CAAC invites feedback on flying car’s type certification conditions

The Chinese regulator is considering the ‘Special Conditions’ under which the aerial module of Xpeng’s AEROHT ‘flying car’ product will be certified, with a public consultation now open.

xpeng

The Civil Aviation Administration of China (CAAC)’s aircraft airworthiness certification department has opened a consultation period for the special conditions the Xpeng AEROHT will be certified under.

Chinese company Xpeng Aeroht, developer of the ‘AEROHT’ system, bills itself as “the largest flying car company in Asia and an integral part of the Xpeng Motors ecosystem”. The AEROHT comprises a six-wheeled road-going vehicle (dubbed the ‘Land Aircraft Carrier’) with a rear-mounted two-seat eVTOL module.

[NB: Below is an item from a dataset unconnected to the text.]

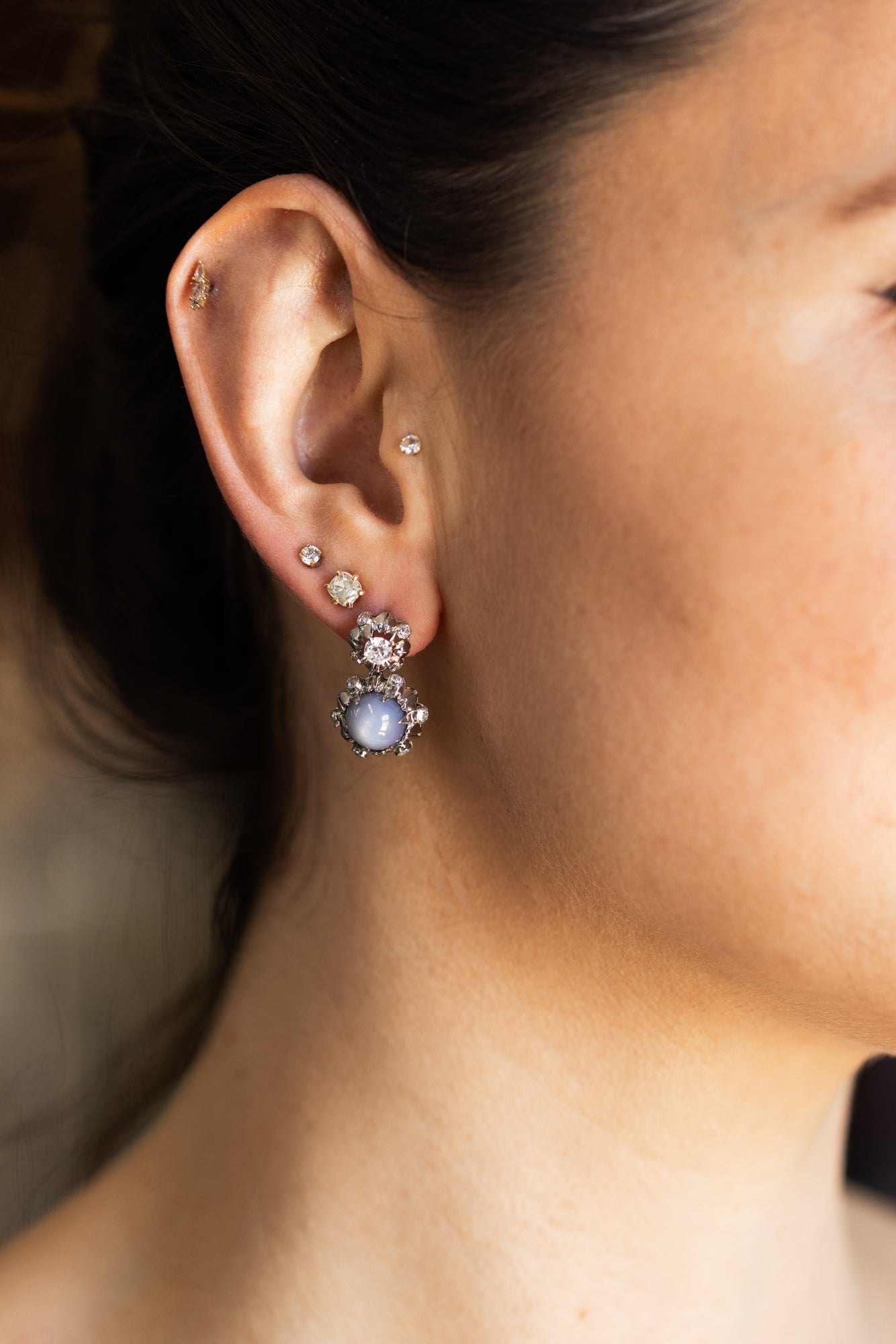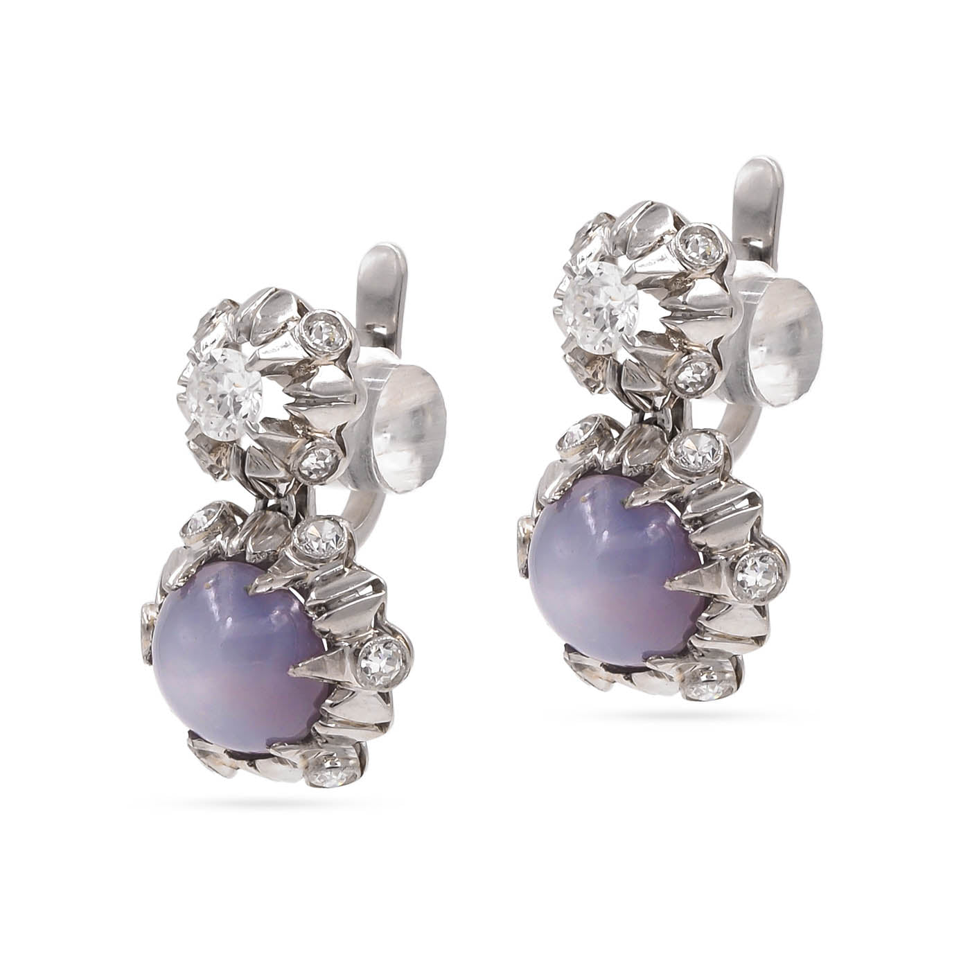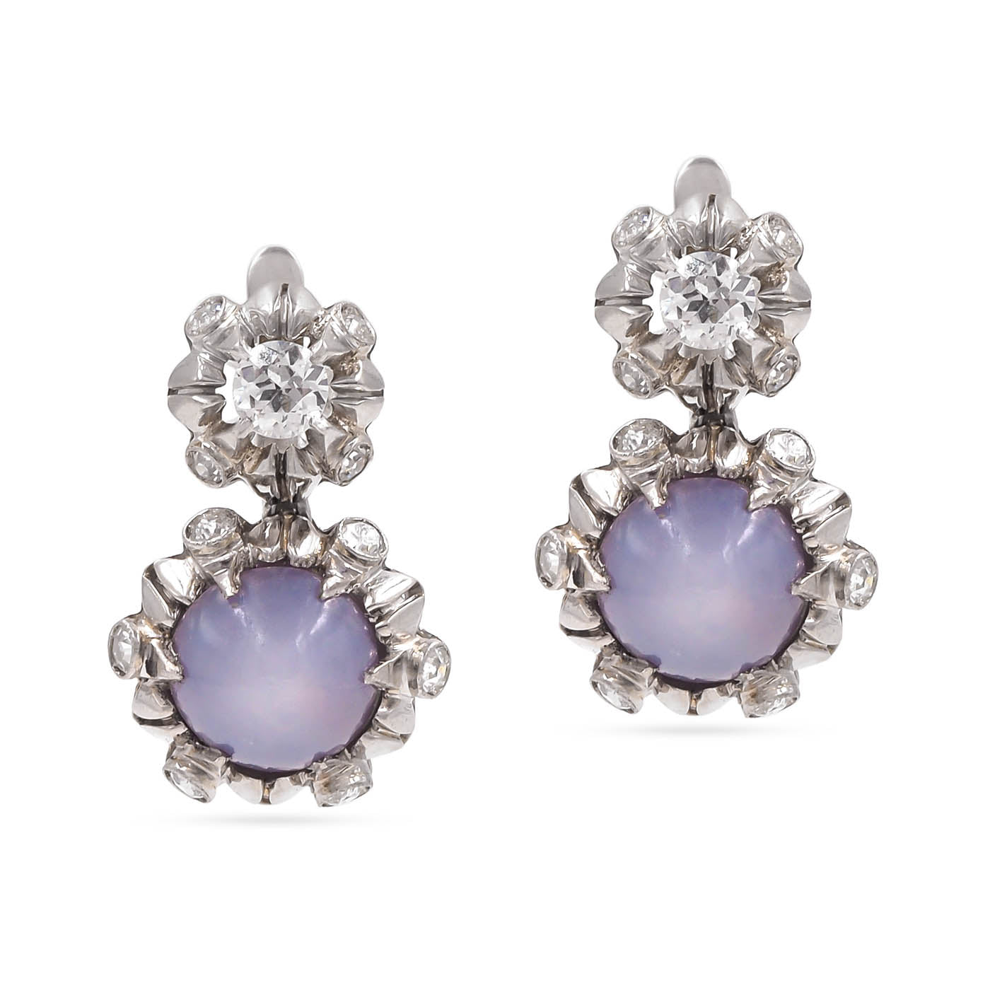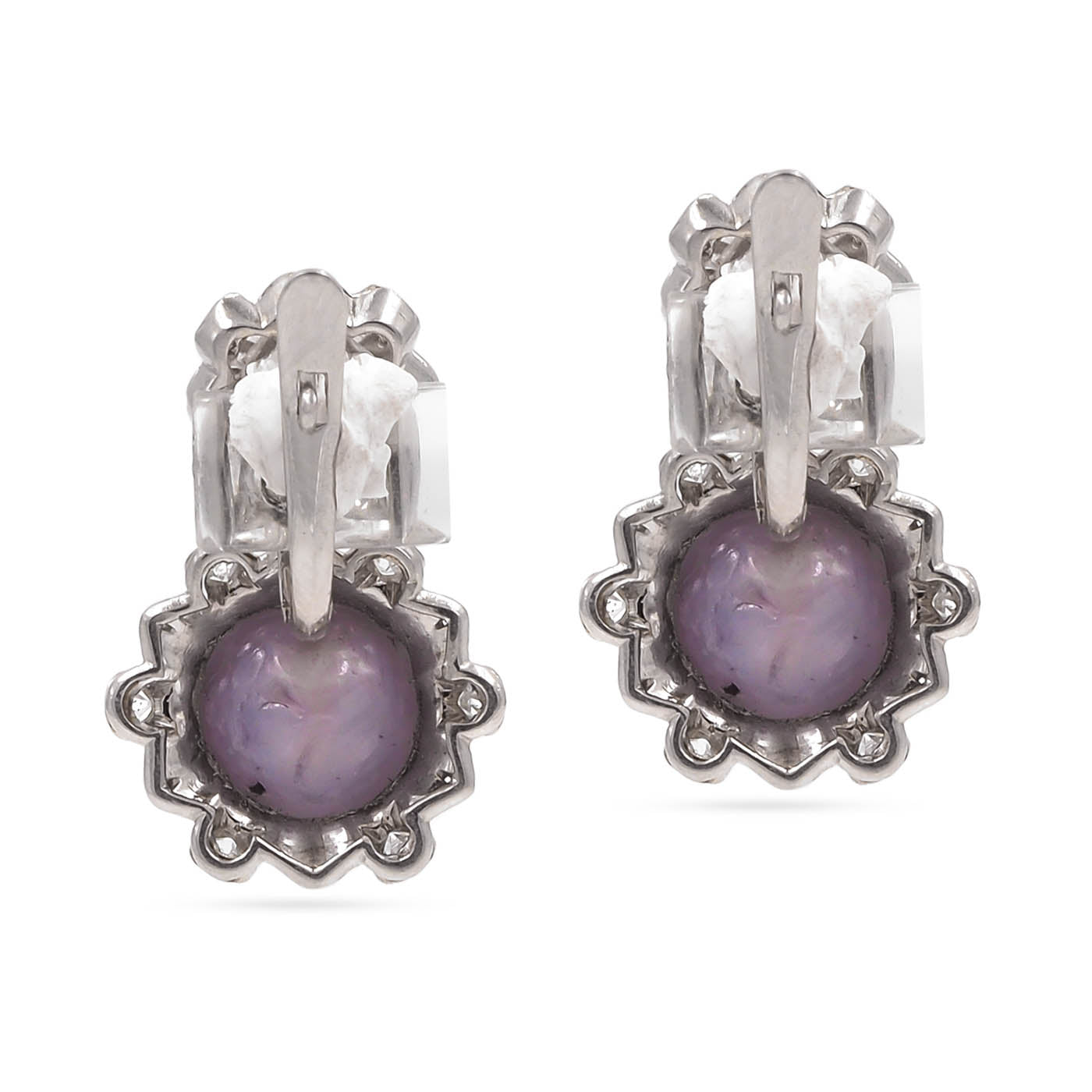 Mid-Century Star Sapphire & Diamond Drop Earrings

This possess six roof-mounted arms each equipped with two-bladed propellers.

Xpeng’s self-styled ‘flying car’ (notably, the aerial element only) prototype module completed its first piloted test flight in 2018, with a second variant (X2) making its maiden flight in 2021. In January 2023, this secured a Chinese ‘special flight permit,’ subsequently receiving regulatory acceptance for its type certification application in March 2024. Its first global manned public flight was in November 2024 at the Guangzhou Auto Show.

Given the X3-F’s novel “design features and application scenarios,” CAAC plans to issue “special conditions for this type of aircraft as the basis for carrying out certification work,” the regulator explained. To date, only one eVTOL (Chinese OEM EHang’s remotely piloted two-seat EH216-S) has received CAAC type certification, which it gained in October 2023; 20 months after the CAAC published the EH216-S’ own Special Conditions.

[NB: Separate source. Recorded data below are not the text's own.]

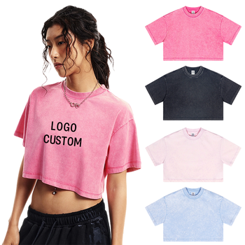 شعار مخصص غسل حمض خمر قطع القطن تي شيرت أعلى المحاصيل الساخنة مثير فتاة النساء تيشيرتات اقتصاص تي شيرت النساء الشارع الشهير
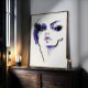 The piece is a contemporary take on beauty, perfect for a makeup studio, an avant-garde art space, or a personal area dedicated to fashion and self-expression. The vivid purple hues are both regal and edgy, offering a modern twist on traditional portraits.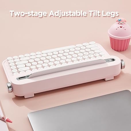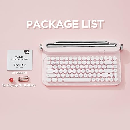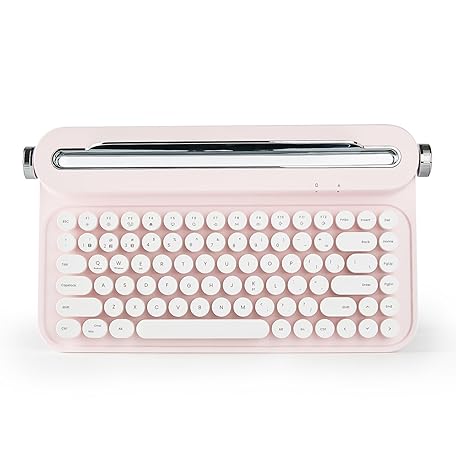 Thông tin sản phẩm YUNZII ACTTO B305 Wireless Typewriter Keyboard, Retro Bluetooth Aesthetic Keyboard with Built-in Stand for Multi-Device (B305, Baby Pink)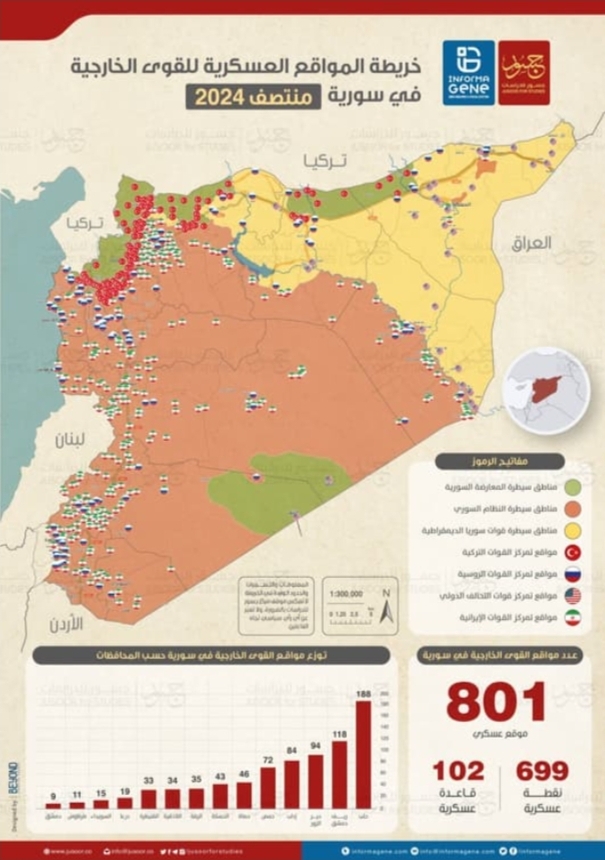 شهد التحديث السنوي لخريطة انتشار الوجود العسكري الأجنبي في سوريا، «انخفاضاً محدوداً» خلال الفترة بين منتصف عامَي 2023 و2024؛ بتراجع عدد القواعد والنقاط العسكرية الأجنبية من 830 إلى 801 موقع، حسب «مركز جسور للدراسات».وبينما ينوّه التقرير إلى مساهمة الوجود العسكري الأجنبي في سوريا واتفاق وَقْف إطلاق النار بين تركيا وروسيا في 5 آذار 2020، بفرض أطول فترة تهدئة وتجميد لحدود السيطرة وخطوط التماسّ بين القوى المحلية، يلفت إلى أن هذه العوامل أدت في الوقت ذاته إلى «وصول النزاع في سوريا إلى طريق مسدود»، فقد حالت دون قدرة أي طرف على الحسم الميداني رغم استمرار النشاط العسكري «الذي يعكس إصراراً على عدم التخلّي عن الحل العسكري»، وما قد ينجم عن ذلك من زيادة احتمال وقوع صدام مباشر بين القوات الأجنبية في سوريا.يلفت التقرير أيضاً إلى تراجع المواقع العسكرية الإيرانية في سوريا من 570 إلى 529، مما يفسر أن «إيران لا تزال الدولة صاحبة الانتشار العسكري الأكبر، مقارنةً مع بقية القُوَى الأجنبية».يتقاطع تقرير أخير للمرصد السوري لحقوق الإنسان، مع نتائج خريطة مركز «جسور»، إذ يفيد بأن إيران تتغلغل في عمق البلاد وتواصل عبر ميليشياتها الهيمنة المطلقة على معظم المناطق التي تشهد تحركات يومية للإيرانيين والميليشيات التابعة، عبر سعي متواصل لترسيخ وجودها بأساليب عدة، وخطة ممنهجة لتغيير ديمغرافية المناطق.ولدى إيران 52 قاعدة عسكرية، إلى جانب 477 نقطة، متوزعة على 117 موقعاً في حلب، و109 بريف دمشق، و77 في دير الزور، و67 في حمص، و28 في حماة، و27 في إدلب، و20 في القنيطرة، و17 في اللاذقية، و16 في درعا، و14 في الرقة، و13 في السويداء، و9 في طرطوس، و8 في الحسكة، و7 في دمشق.اقتصر تحديث الخريطة على المواقع العسكريّة الثابتة والمستقرّة؛ ولم تشمل النقاط والحواجز ونقاط التفتيش المتحرّكة والمؤقتة التي يستخدمها بعض القوات خلال عملها العسكري، خصوصاً الميليشيات الإيرانيّة التي تعتمد على هذا الشكل من المواقع بشكل واسع.ويميز الباحثون القائمون على تحديث الخريطة الحالية، بين صنفين من المواقع العسكرية هما: القواعد والنقاط.القاعدة العسكرية تكون مجهَّزة بمُعَدّات وتجهيزات عسكرية وعملياتية، سواءً لمهامّ الدفاع أم الهجوم، كمهابط الطيران والأنظمة الصاروخية الأرضية والجوية، مع وجود وحدات على الأرض.من الملحوظات اللافتة أيضاً أن الخريطة «ترصد فقط النقاط التي تمتلك فيها القُوَى الأجنبية كامل الصلاحية والقيادة والتمويل»، وبذلك فإنّها لا ترصد انتشار الخبراء أو الفنيين أو العسكريين، قادة أو مستشارين أو عناصر ضِمن مواقع أو منشآت أو حواجز القوات المحلية المختلفة أو ضِمن مؤسسات الحكم والإدارة المدنية.في رد على سؤال عن تأثير القصف الأميركي (شرق سوريا) والإسرائيلي في الداخل السوري في قيادات ومواقع «الحرس الثوري»، أو حرب غزة، وفي تراجع الوجود العسكري الإيراني على محدوديته؟ يقول عبد الوهاب عاصي، باحث رئيسي في مركز «جسور للدراسات»، إن «تراجع المواقع الإيرانية جزء من عملية إعادة انتشار قامت بها ميليشياتها تحت ضغط روسي، حيث تركّز الانسحاب في المنطقة الجنوبية، أي إنه مرتبط بتداعيات الحرب على غزة».ويتوقع الباحث في حال استمرار التصعيد الإسرائيلي ضد الميليشيات الإيرانية في سوريا «حصول مزيد من الانسحاب، أو إعادة الانتشار للمواقع الإيرانية من الجنوب السوري»، لا سيما أنّ الضربات الإسرائيلية «زادت وتيرتها بشكل كبير بعد حرب غزة مقارنةً مع السنوات السابقة».غير أن انسحاب الميليشيات الإيرانية وعمليات إعادة التموضع المذكورة، حسب التقرير الجديد لـ«جسور»، لم يؤثرا في الأهداف والقيمة الاستراتيجية للانتشار العسكري في سوريا، الذي لا يزال يحافظ على الطريق الدولي الذي يقطع سوريا عرضاً، من معبر البوكمال في محافظة دير الزور مروراً بالبادية السورية ومنها إلى محافظات حمص ودمشق، وصولاً إلى الحدود اللبنانية.هذا إضافة إلى انتشار ثابت في خطوط التماسّ م

Draft special conditions are now open for public comments for ten working days, with CAAC soliciting responses from all regional civil aviation administrations, general aviation companies, AVIC, COMAC, research institutes and universities.

The X3-F is an entirely separate project from the 1950s Douglas X-3 Stiletto, an experimental 1950s jet aircraft intended to explore supersonic design characteristics and propulsion studies.